Потом в ушах бурлит вода, потому что я посеяла где-то водный амулет и сиганула в портал без него. Мел бурчит, что какого я вообще за ней потащилась. Помогает выбраться из широкого портального омута, а отряхиваться я даже не собираюсь.

Бегу в сторону этого самого имения, ветер опять свистит в ушах, мысли так где-то позади и остались. На полпути на сельской дороге начинают попадаться наши. Потом местные окровавленные охотники. Наши егеря их выводят. В самом имении погром уже закончился, оттуда доносятся причитания. На сером камне издалека видны отметины от шипов мантикоры — они что угодно пробивают.

— Где они? — кричу я, а мне не отвечают. Я мечусь между людей, старающихся убраться отсюда подальше. Все стараются отойти поближе к порталу, никто ничего не знает. — Где она?!

Около имения какие-то бледные женщины, перемазанные в кровь, наверное, прислуга. Рыдают и не могут ответить на вопросы. Какой-то охотник хватает за рукав, орет: «А ты кто вообще такая, чего тебе здесь надо?!»

Я вырываю рукав, бегу дальше, спрашиваю, ору на всех подряд. Мысль наконец появилась, одна, но жуткая: мне ни за что не успеть. Так и ношусь между щепок, какой-то утвари, окрошки стен, оторванных конечностей и людей, которым не хочется тут быть — и стараюсь ухватить какой-нибудь след, но я ж не по этому делу.

Из разнесенных в щепки ворот спешит Мел, ведет, похлопывая по холке, буро-золотистого единорога — тот хромает и дрожит крупной дрожью.

При виде несущейся на них меня единорог начинает трястись, как в припадке.
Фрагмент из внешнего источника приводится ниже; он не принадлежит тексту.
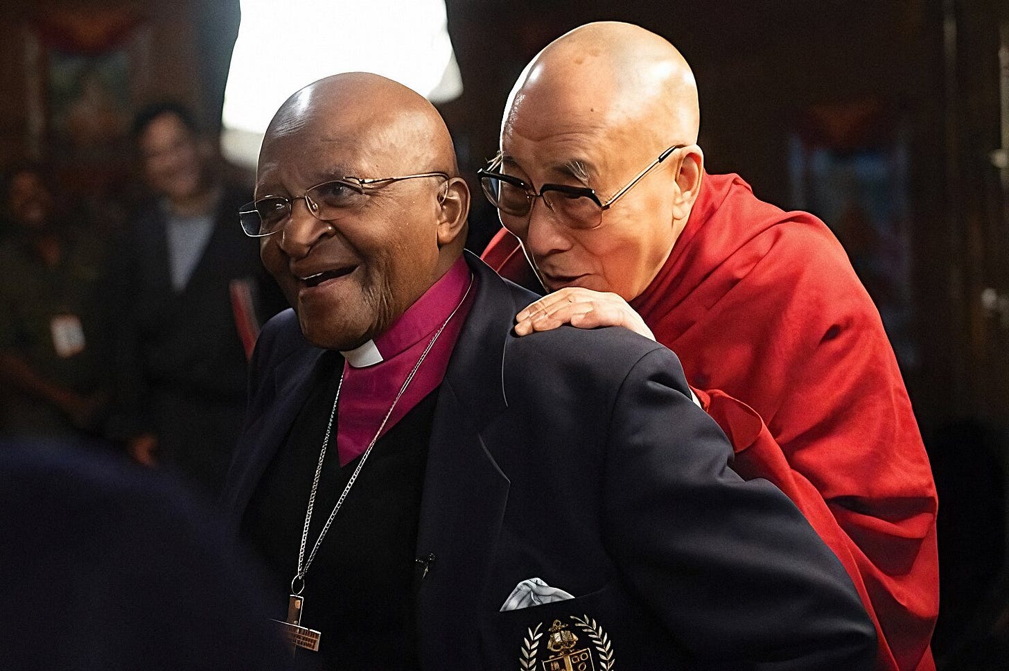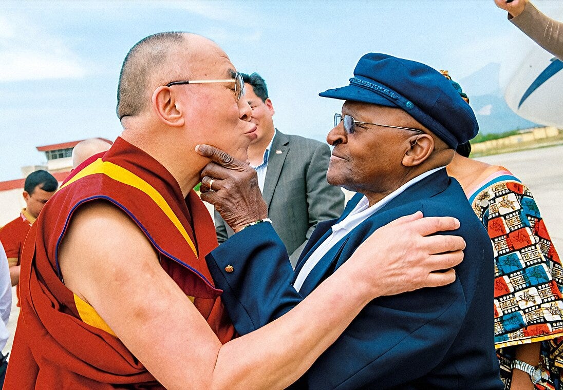 兩人一見面就立刻抱在一起,大主教為了更仔細端詳這個數年未見的老友,用手指端起達賴喇嘛的下巴,達賴喇嘛則噘起嘴作勢要親他,反而讓大主教真的湊過去親吻了達賴喇嘛的臉頰。

— Мел! — я сама себя не слышу, но я точно кричу. И еще трясу следопытку за плечи. — Где они? Мне сейчас туда, мне туда нужно, скорее, в какую сторону…

— Не трогай! — шипит Мел и выкручивается. — Егеря ее на запад увели, вон туда, к лесу…

Мне, конечно, не успеть, но я все равно бегу. Всхлипываю, как маленькая девочка, которой в выходные пряника из города не привезли. И клянусь себе, что мне только посмотреть, а не вмешаться. Оружия у меня нет все равно. На мантикору еще не каждый охотник пойдет. И мне только удостовериться… и все равно не успеть.

Но я почему-то успеваю — может, она металась по опушке леса, а может, ее отвлекли егеря, или ей хотелось вернуться в имение и все там как следует разнести еще раз.

Из местных егерей осталось на ногах четверо, на одного я налетаю, дядька хватает меня поперек туловища и сипит:

— Тихо, девка, куды?! Не мешай, тут уже все сейчас кончится.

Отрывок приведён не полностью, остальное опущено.